Retype the material below exactly, from its first line through the line with "В прошедшем матче"; the pictures stay out.

--- DATA SECTION Enclosed Below ---

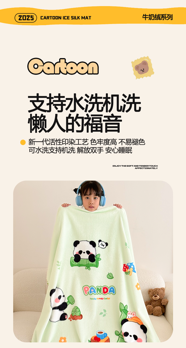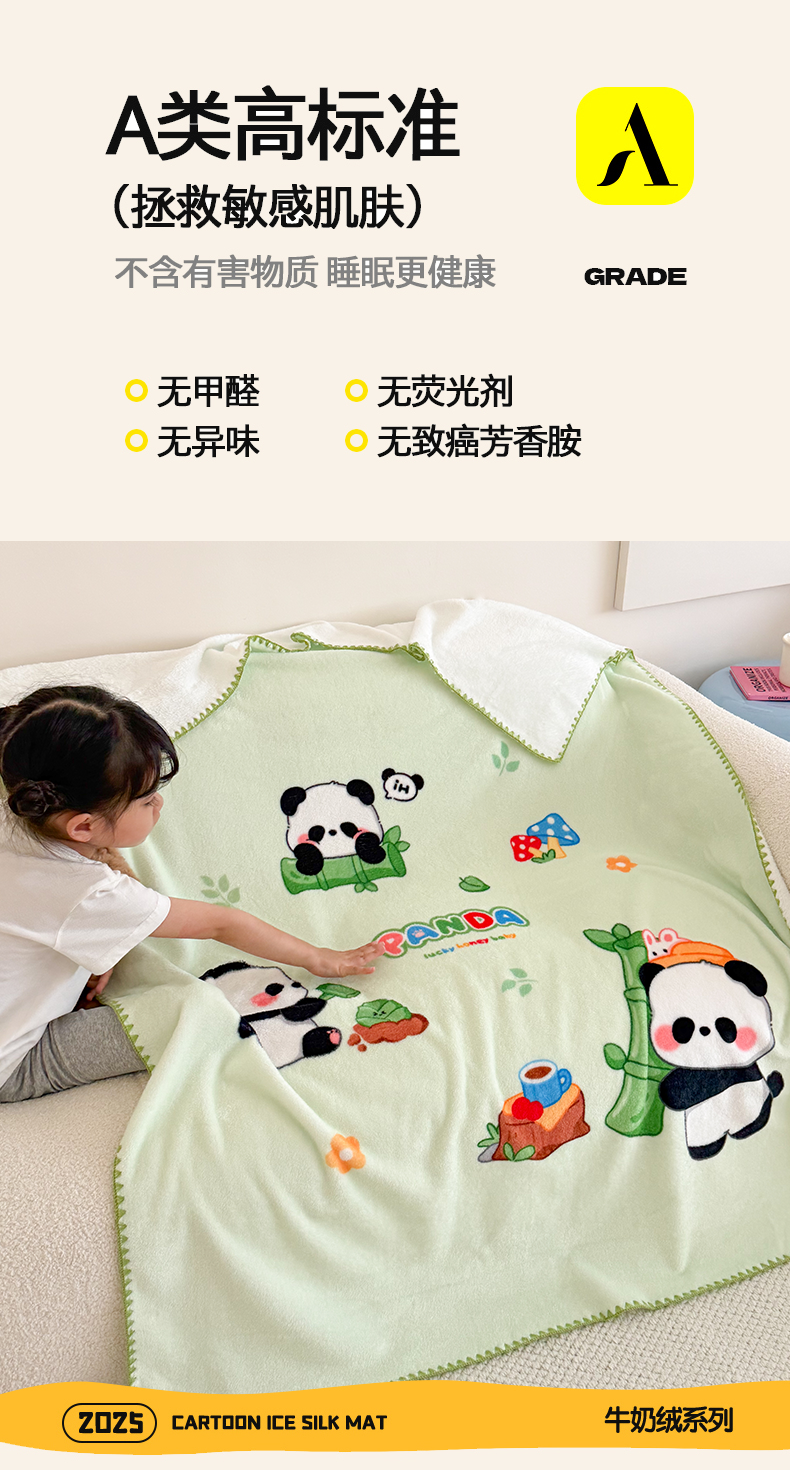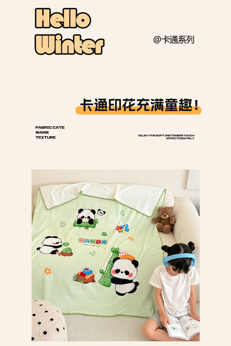 商品名称:嗨生活 2025新款牛奶绒毛毯儿童毛毯幼儿园休闲沙发毯床单推车毯毛毯毯子 熊猫之家
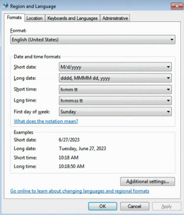- Confirm the server Region is set to English(United States) 12 hour format as shown below.
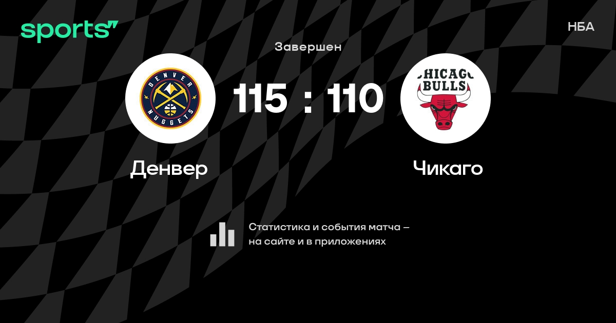 В прошедшем матче в рамках турнира НБА состоялась встреча команд Денвер - Чикаго в городе Денвер (США) на стадионе Ball Arena (вместимость - 18007) со счетом 115 : 110.
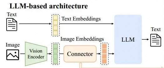 当前多模态理解模型主流架构如下图所示:其中Vision Encoder(例如ViT)和Connector(VLAdapter,通常为MLP结构)通常为参数冻结状态,因此在计算model flops针对这些模块只计算前向过程。
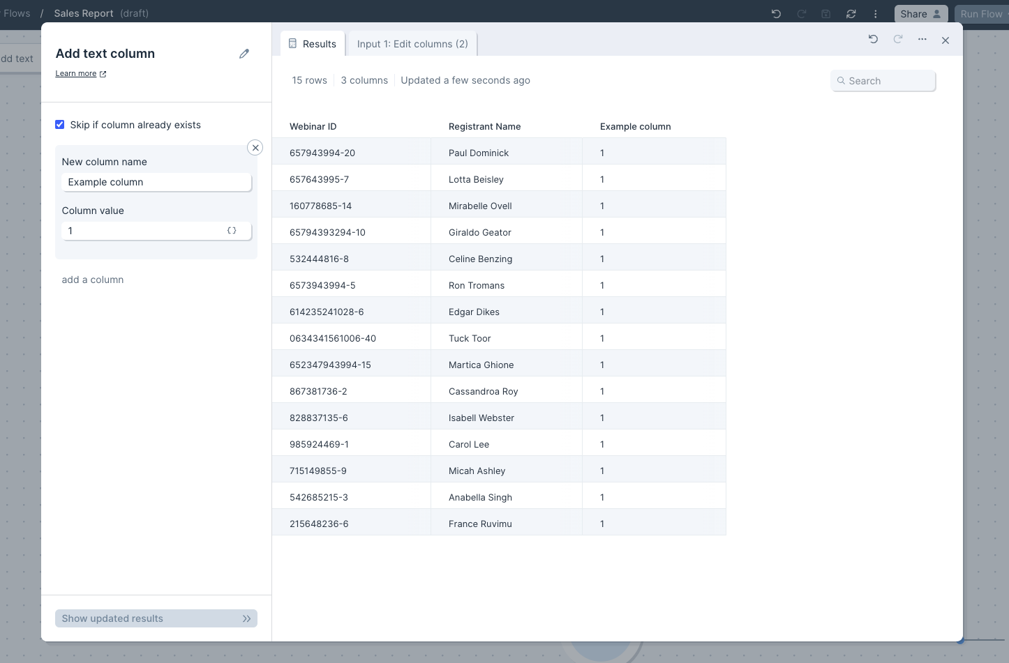 Title your new text column in the ‘New column name’ field. In the ‘Column value’ field, fill in the repeating value you’d like for the rows. Click on ‘Show Updated Results’ to save and display your changes. Using the ‘Skip if column already exists’ checkbox, you can choose to have this column added only if it doesn’t already exist in your dataset. This is useful when working with API steps where the column structure may change based on the available data. Similarly, if you have flows running on a schedule that pull in data at varying periods, this step can be used to create a static column of values so your flow doesn’t stop running due to data temporarily not brought in.
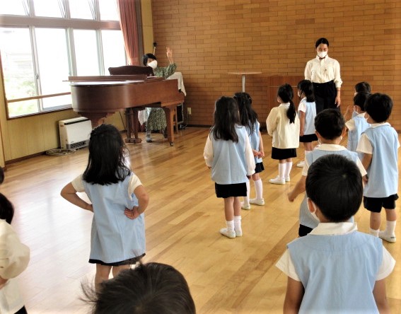 講師の先生 豊田かおり先生に園内歌唱指導をしていただいています。

--- End of Enclosed DATA SECTION ---

▸ OUTPUT BELOW
 商品名称:嗨生活 2025新款牛奶绒毛毯儿童毛毯幼儿园休闲沙发毯床单推车毯毛毯毯子 熊猫之家
- Confirm the server Region is set to English(United States) 12 hour format as shown below.
 В прошедшем матче в рамках турнира НБА состоялась встреча команд Денвер - Чикаго в городе Денвер (США) на стадионе Ball Arena (вместимость - 18007) со счетом 115 : 110.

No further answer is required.